__Task instructions__
Leave out all pictures while you copy the lines exactly from the one with "СПб http://study-spb.ru ." through the last line of the listing.

__Dataset excerpt__
****
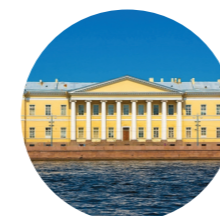
Санкт-Петербургский научный центр Российской Академии наук (1724)

*по данным сайта Комитета по образованию СПб http://study-spb.ru .
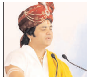
ठीक करने से पहले प्रत्येक जीव को अपनी आंतरिक सुंदरता बढ़ानी चाहिए। पार्वती के शरीरधरों में अपनी भक्ति को और ज्यादा से ज्यादा बढ़ाना चाहिए। पार्वती माता जन्म से ही भगवान शिव की भक्ति भक्त थी और उन्होंने शिवलिंग की पूजा बचपन से की। इसलिए उन्हें भगवान भोलेनाथ पति स्वरूप में मिले। बापू ने कहा कि भगवान शिव सदैव प्रभु राम के चिंतन में मग्न रहते हैं, लेकिन विधाता जिसके भाग्य में जो लिखते हैं वह अवश्य ही उसको प्राप्त हो जाता है। माता पार्वती की भक्ति से भगवान शिव प्रसन्न हुए भगवान शिव जब विवाह करने गए तो उन्होंने चिता की भस्म अपने शरीर में
****
__Solution below__
*по данным сайта Комитета по образованию СПб http://study-spb.ru .
ठीक करने से पहले प्रत्येक जीव को अपनी आंतरिक सुंदरता बढ़ानी चाहिए। पार्वती के शरीरधरों में अपनी भक्ति को और ज्यादा से ज्यादा बढ़ाना चाहिए। पार्वती माता जन्म से ही भगवान शिव की भक्ति भक्त थी और उन्होंने शिवलिंग की पूजा बचपन से की। इसलिए उन्हें भगवान भोलेनाथ पति स्वरूप में मिले। बापू ने कहा कि भगवान शिव सदैव प्रभु राम के चिंतन में मग्न रहते हैं, लेकिन विधाता जिसके भाग्य में जो लिखते हैं वह अवश्य ही उसको प्राप्त हो जाता है। माता पार्वती की भक्ति से भगवान शिव प्रसन्न हुए भगवान शिव जब विवाह करने गए तो उन्होंने चिता की भस्म अपने शरीर में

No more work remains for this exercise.